Extracted material:
-----

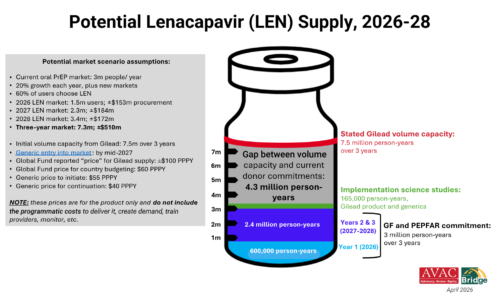 Lenacapavir has the potential to reach millions — and the momentum is building. Using the current oral PrEP market as a baseline, this graphic estimates what demand for LEN could look like through 2028 and shows how current donor commitments stack up against that opportunity.
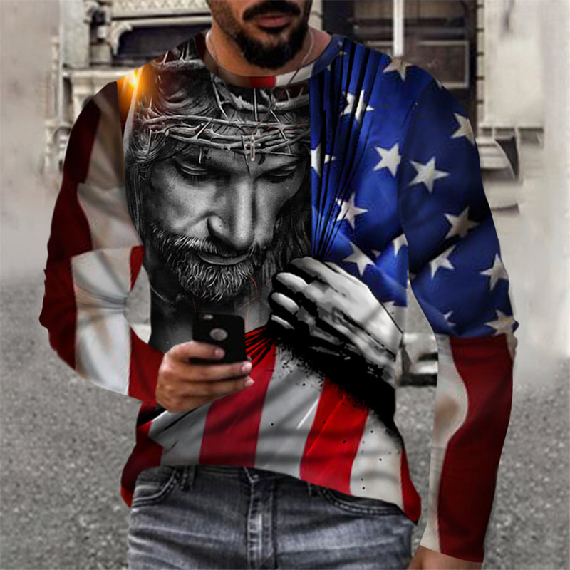 Men's T shirt Graphic Prints Crack Crew Neck 3D Print Holiday Long Sleeve Print Top
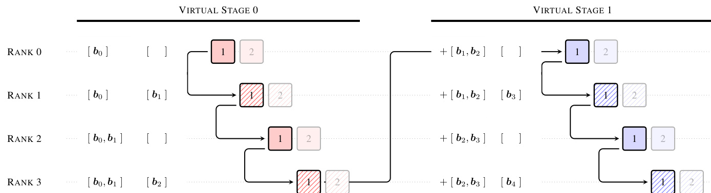 In this setup, blocks received during earlier virtual stages are cached locally. Consequently, stage transitions only transmit incremental blocks accumulated since the receiver's corresponding chunk in the previous virtual stage, rather than the full history. This caching strategy reduces the peak per-transition communication cost significantly, enabling the method to function as a practical drop-in replacement for standard residual connections with marginal training overhead. Additionally, a two-phase computation strategy is used during inference to amortize cross-block attention costs, further minimizing latency.
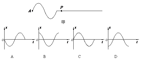 16.振源A带动细绳上下振动,某时刻在绳上形成的波形如图甲所示,规定绳上各质点向上运动的方向为x轴的正方向,当波传播到细绳上的P点时开始计时,乙图的四个图形中能表示P点振动图象的是
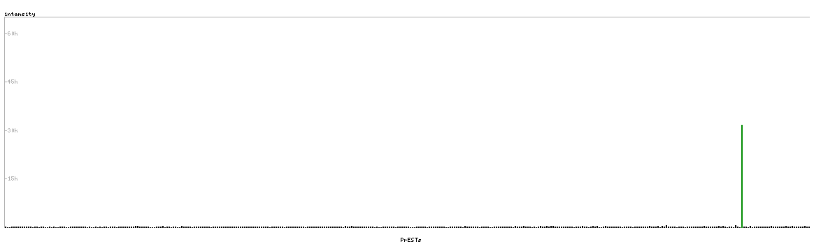 At the top of the view, the position of the antigen (identified by the corresponding HPA identifier) is shown as a green bar. A yellow triangle on the bar indicates a <100% sequence identity to the protein target.
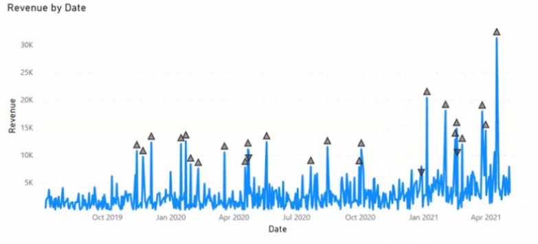 You need to use anomaly detection in Power Bl to show anomalies in the dataset.
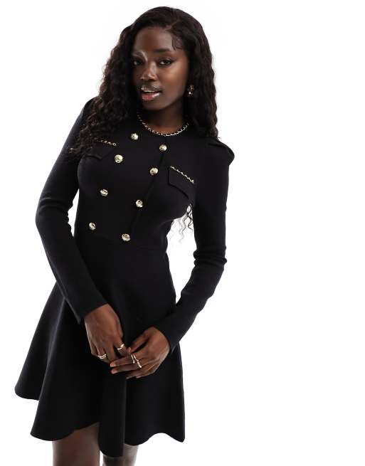 Morgan - Strikket og sort skater-minikjole med knapper og kædeudsmykning
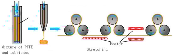 A fine e-PTFE powder is homogeneously dispersed in an oil lubricant (processing aid) to become a paste. The first step, called pre-forming, typically takes place between 21 and 25 °C and serves to align the PTFE particles for packing in the best possible way. The presence of lubricants is essential to promote rapid absorption of the mixture []. The resulting paste is pressed into a mould and ram extruded into sheets or rods that are passed several times through two heated rolling mills to obtain a precise thickness. The resulting membranes are then stretched and hardened at room temperature and sintered at 340–365 °C, maintaining the stretching condition to fix the porous structure and prevent shrinkage [] (Figure 1).

-----

How to complete this task: Up to and including the line that holds "Morgan - Strikket", restate word for word each line of the records from their start, and only those lines, leaving out the pictures.

Output of the exercise:
 Lenacapavir has the potential to reach millions — and the momentum is building. Using the current oral PrEP market as a baseline, this graphic estimates what demand for LEN could look like through 2028 and shows how current donor commitments stack up against that opportunity.
 Men's T shirt Graphic Prints Crack Crew Neck 3D Print Holiday Long Sleeve Print Top
 In this setup, blocks received during earlier virtual stages are cached locally. Consequently, stage transitions only transmit incremental blocks accumulated since the receiver's corresponding chunk in the previous virtual stage, rather than the full history. This caching strategy reduces the peak per-transition communication cost significantly, enabling the method to function as a practical drop-in replacement for standard residual connections with marginal training overhead. Additionally, a two-phase computation strategy is used during inference to amortize cross-block attention costs, further minimizing latency.
 16.振源A带动细绳上下振动,某时刻在绳上形成的波形如图甲所示,规定绳上各质点向上运动的方向为x轴的正方向,当波传播到细绳上的P点时开始计时,乙图的四个图形中能表示P点振动图象的是
 At the top of the view, the position of the antigen (identified by the corresponding HPA identifier) is shown as a green bar. A yellow triangle on the bar indicates a <100% sequence identity to the protein target.
 You need to use anomaly detection in Power Bl to show anomalies in the dataset.
 Morgan - Strikket og sort skater-minikjole med knapper og kædeudsmykning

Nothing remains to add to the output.